→ TASK TO CARRY OUT
Reproduce the listing in full, pictures excluded.

→ SOURCE INFORMATION

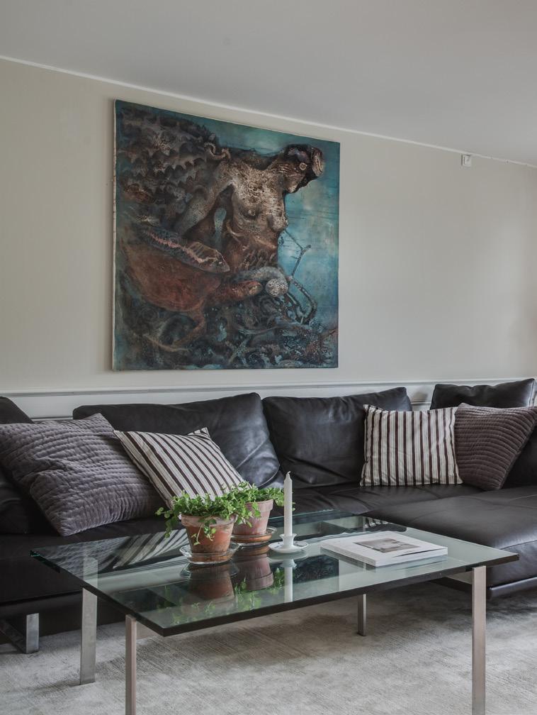 I det åbne køkken fortsætter den sociale og varme stemning fra spisestuen. Det elegante køkken fra Multiform komplementeres med den smukkeste bordplade i Ølandskalksten, og eksklusive topmodel hvidevarer fra Gaggenau. Fra køkkenet leder en gang med indbyggede gulv til loft skabe, helt ned til soveværelset.
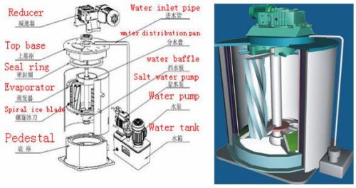 Flake ice production requiresless mechanical and human labors than block ice, and flake ice production does not require a defrost cycle.
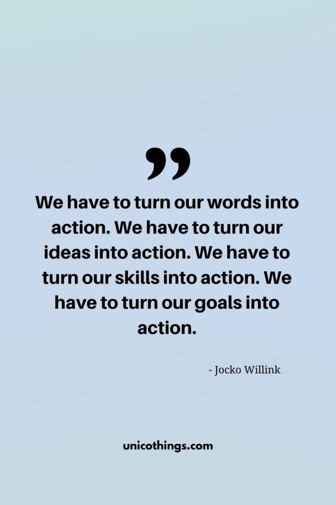 10. “We have to turn our words into action. We have to turn our ideas into action. We have to turn our skills into action. We have to turn our goals into action.” – Jocko Willink
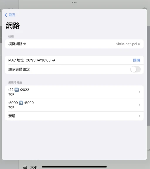 UTM虛擬機預設網路無法從外部存取。編輯Alpine Linux虛擬機網路設定,新增通訊埠轉送,把虛擬機內部的22通訊埠導向localhost的2022通訊埠,這樣虛擬機的SSH服務才能從外部連線。若果Docker服務有用到通訊埠也請一併開啟。
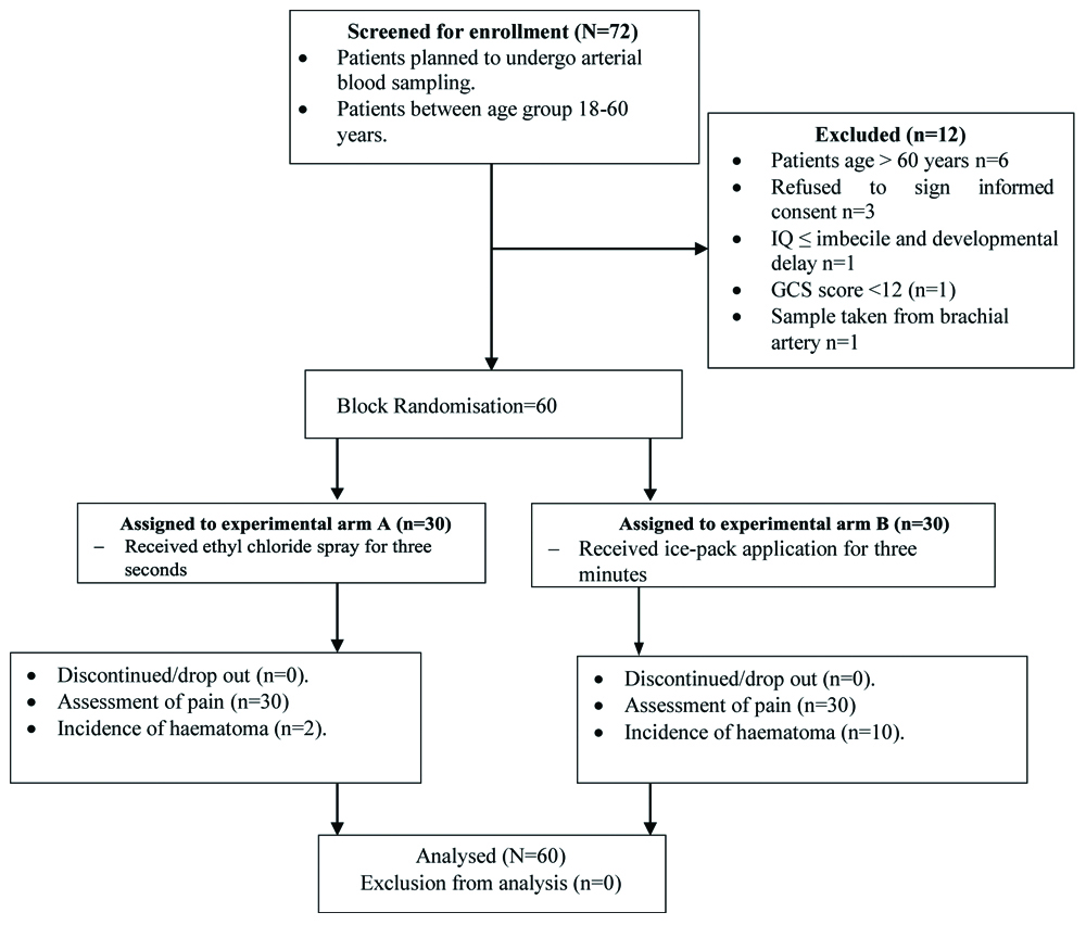 No similar study was found, thus sample size was calculated based on pilot study results using sample size calculation software (G power software by http://www.ats.ucla.edu/stat/gpower/pairedsample.htm) [6]. Pilot study results of 20 participants (10 in each arm) revealed that mean pain scores were 2.78±0.16 and 2.90±0.18 among ethyl chloride (experimental arm A) and ice pack (experimental arm B), respectively. With 5% level of significance and 80% power, 26 participants were required in each arm. In this study, 60 participants were included after considering 20% attrition rate. Participants were enrolled in the study using consecutive sampling technique and then they were assessed for confirmation of eligibility criteria, before they were finally recruited in the trial. Recruitment of participants under this trial was terminated at the time when calculated sample size was achieved for both arms. Participants were randomly assigned to experimental arm A and experimental arm B. Randomisation was done using computer generated random list and allocation concealment was performed by sequentially arranged opaque sealed envelopes.
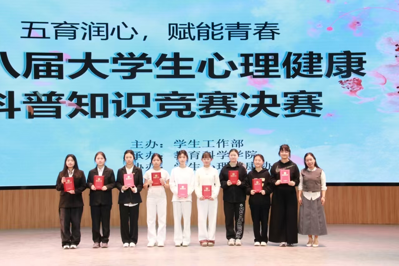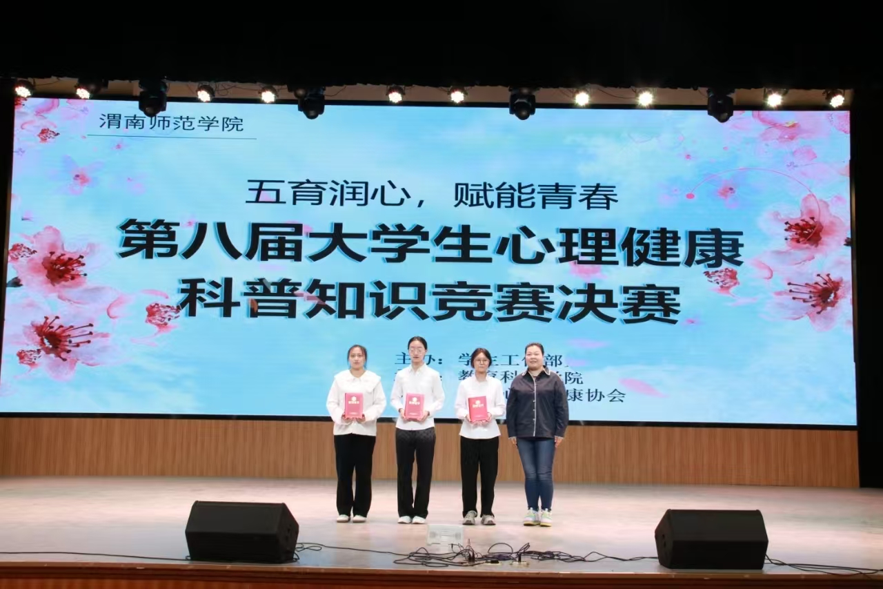 4月15日下午,我校第八届大学生心理健康科普知识竞赛决赛在陶然楼演艺厅落下帷幕。本次活动由学生工作部主办,教育科学学院承办。渭南市委文明办副主任王婧、渭南市中心医院精神心理科副主任张艳担任本次大赛嘉宾。

→ WRITTEN SOLUTION
 I det åbne køkken fortsætter den sociale og varme stemning fra spisestuen. Det elegante køkken fra Multiform komplementeres med den smukkeste bordplade i Ølandskalksten, og eksklusive topmodel hvidevarer fra Gaggenau. Fra køkkenet leder en gang med indbyggede gulv til loft skabe, helt ned til soveværelset.
 Flake ice production requiresless mechanical and human labors than block ice, and flake ice production does not require a defrost cycle.
 10. “We have to turn our words into action. We have to turn our ideas into action. We have to turn our skills into action. We have to turn our goals into action.” – Jocko Willink
 UTM虛擬機預設網路無法從外部存取。編輯Alpine Linux虛擬機網路設定,新增通訊埠轉送,把虛擬機內部的22通訊埠導向localhost的2022通訊埠,這樣虛擬機的SSH服務才能從外部連線。若果Docker服務有用到通訊埠也請一併開啟。
 No similar study was found, thus sample size was calculated based on pilot study results using sample size calculation software (G power software by http://www.ats.ucla.edu/stat/gpower/pairedsample.htm) [6]. Pilot study results of 20 participants (10 in each arm) revealed that mean pain scores were 2.78±0.16 and 2.90±0.18 among ethyl chloride (experimental arm A) and ice pack (experimental arm B), respectively. With 5% level of significance and 80% power, 26 participants were required in each arm. In this study, 60 participants were included after considering 20% attrition rate. Participants were enrolled in the study using consecutive sampling technique and then they were assessed for confirmation of eligibility criteria, before they were finally recruited in the trial. Recruitment of participants under this trial was terminated at the time when calculated sample size was achieved for both arms. Participants were randomly assigned to experimental arm A and experimental arm B. Randomisation was done using computer generated random list and allocation concealment was performed by sequentially arranged opaque sealed envelopes.
 4月15日下午,我校第八届大学生心理健康科普知识竞赛决赛在陶然楼演艺厅落下帷幕。本次活动由学生工作部主办,教育科学学院承办。渭南市委文明办副主任王婧、渭南市中心医院精神心理科副主任张艳担任本次大赛嘉宾。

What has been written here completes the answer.